Bahrain police arrested rights activist Zainab al Khawaja during a sit-in, last week. Another woman, Masooma al-Sayed, was arrested during another sit-in. Both Zainab and Masooma were released on bail on Tuesday.

Trinidad and Tobago’s Newsday interviews local Muslim artist Navita Siddiqah Hanooman on her inspirations and future goals.

Amie Sofia Ahmed is the winner of Malaysia’s Solehah TV show, which aimed at finding the best female Islamic preacher in Malaysia. The station is thinking of running this show again and including international contestants. Anyone up for it?

Now that a new era is starting in Iraq, question is what this will mean for Iraqi women and their rights.

A Bangladeshi husband cut off the fingers of his wife, who enrolled into higher education without his permission. She is determined though to continue her studies, without her husband. May Allah ease her pain and give her strength!
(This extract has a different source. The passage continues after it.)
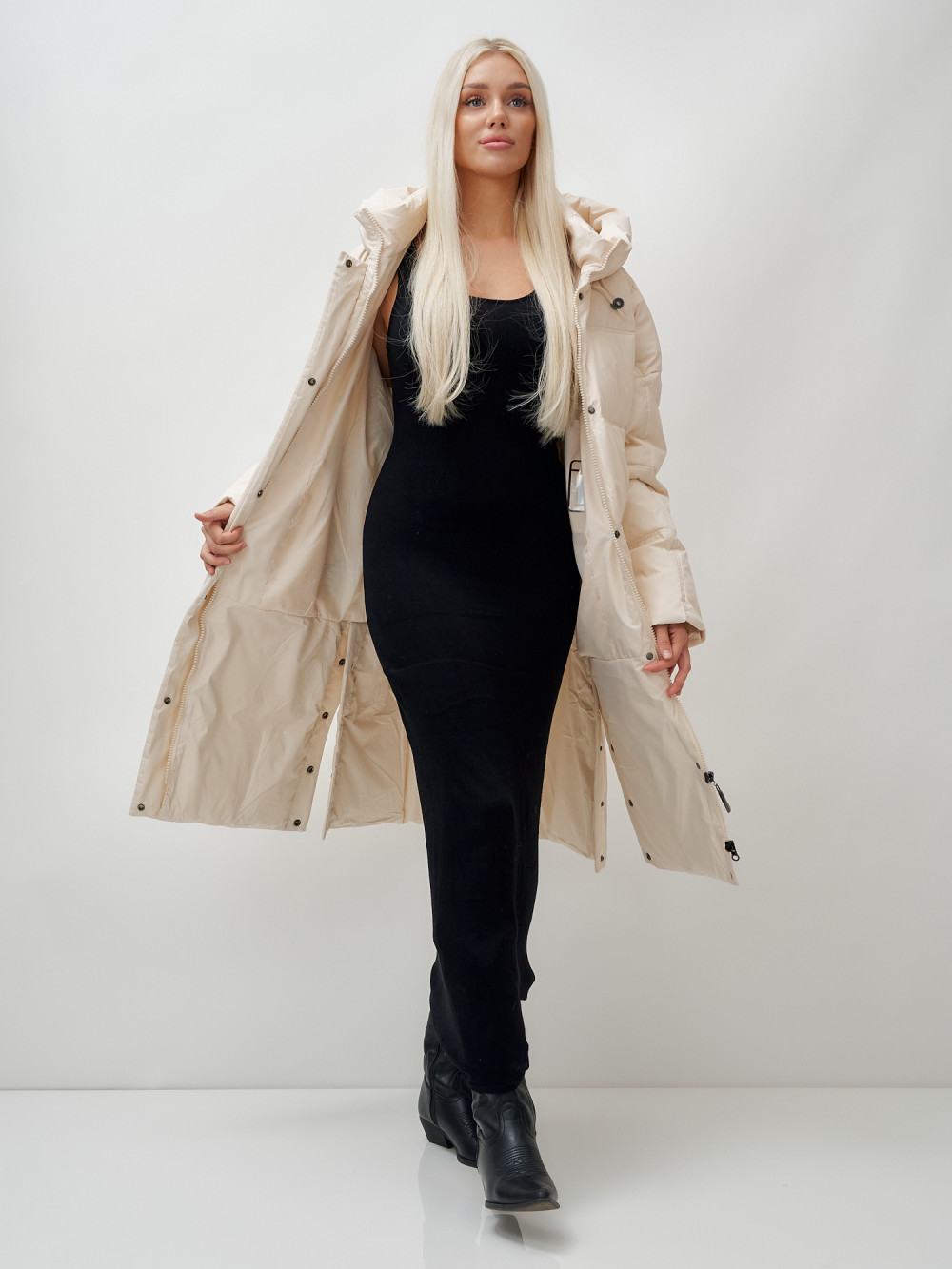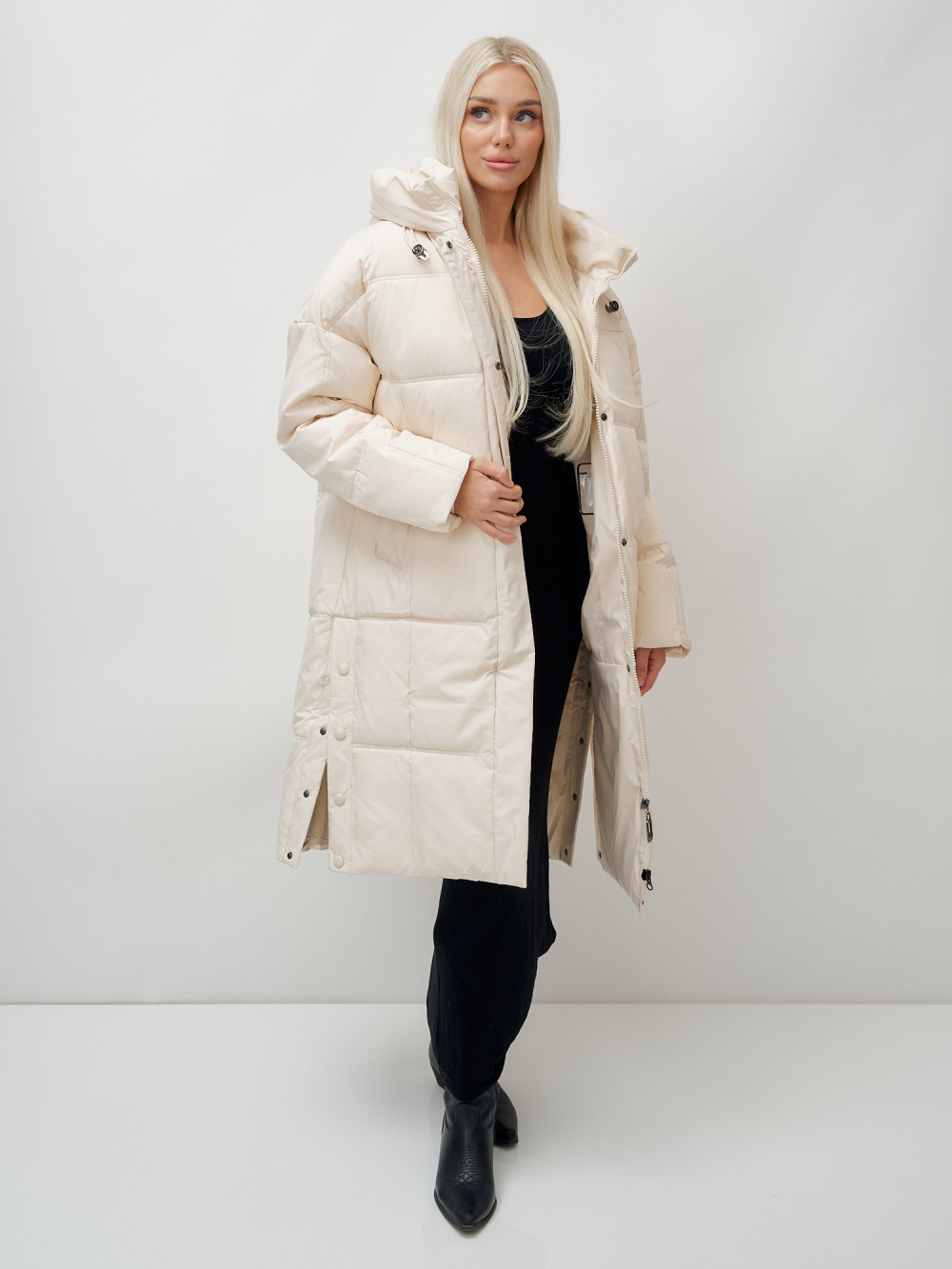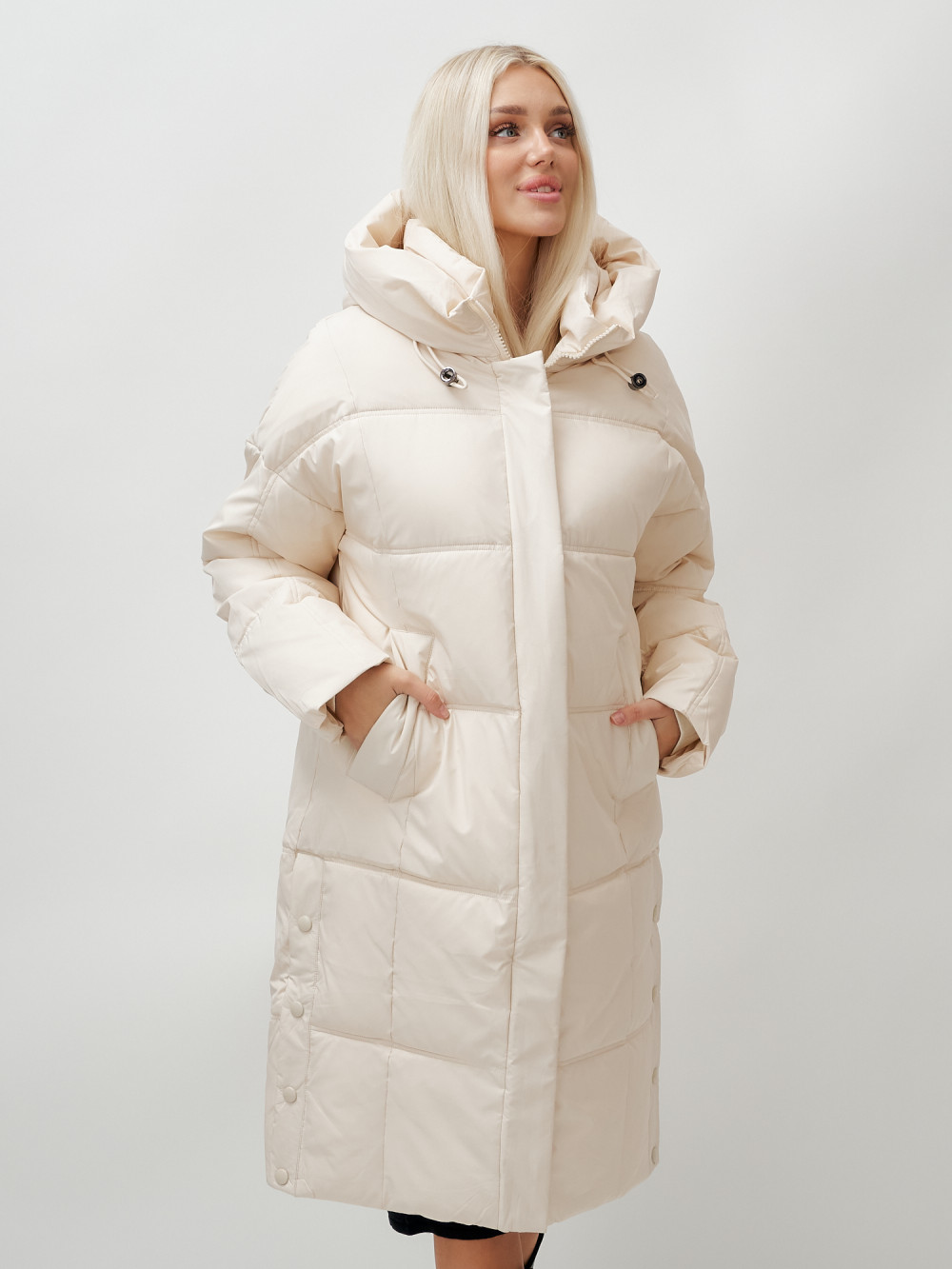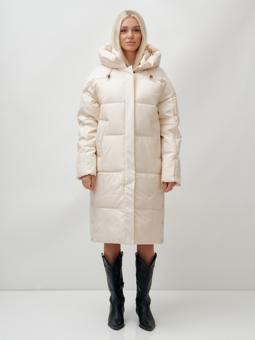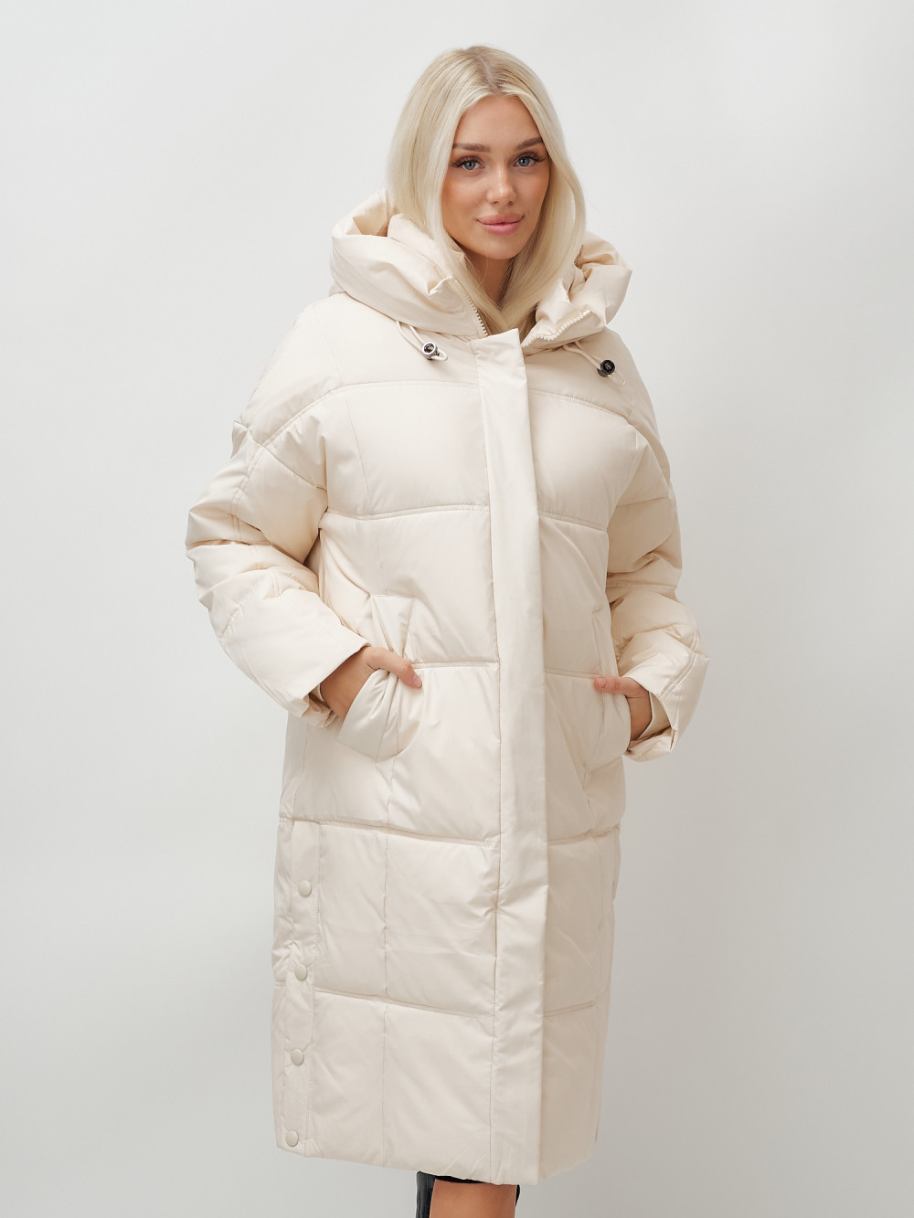 Пальто летучая мышь женское с капюшоном зимнее бежевого цвета 9619B — MTFORCE

Just in the first nine months of 2011, the number of Pakistani honor killings reaches 675.

The government of Quebec, Canada, will allow female prison guards to wear hijab on the job, following a complaint four years ago.

A sharp rise in rape cases in Somalia’s camps create a climate of fear.

A Kuwaiti woman had her car smashed, because she ignored an admirer. Harassment of women is an increasing problem in the Gulf State, the usual punishment: getting your head shaved. That will teach them!

The Guardian features a “conversation” with two Arab women on the Arab Spring and its conquences for Arab women. Another article on the Arab Spring and women focuses on women in Libya, Tunisia and Egypt, and their thoughts on the future of women in their countries. A newsletter from The School for Conflict Analysis and Resolution features a piece on the portrayal of women during the Arab Spring.

FIFA is considering changing its laws so women can wear hijab on the soccer field.

Some of Fiji’s Muslim women will provide meals for female prisoners to spread the ’holiday cheer’.

Zainab Magdy explores the power of story telling, from a feminist perspective and in the context of post-Mubarak Egypt.

The National features a piece on Pakistani activist and 2005 Nobel Peace Price Nominee Maryam Bibi.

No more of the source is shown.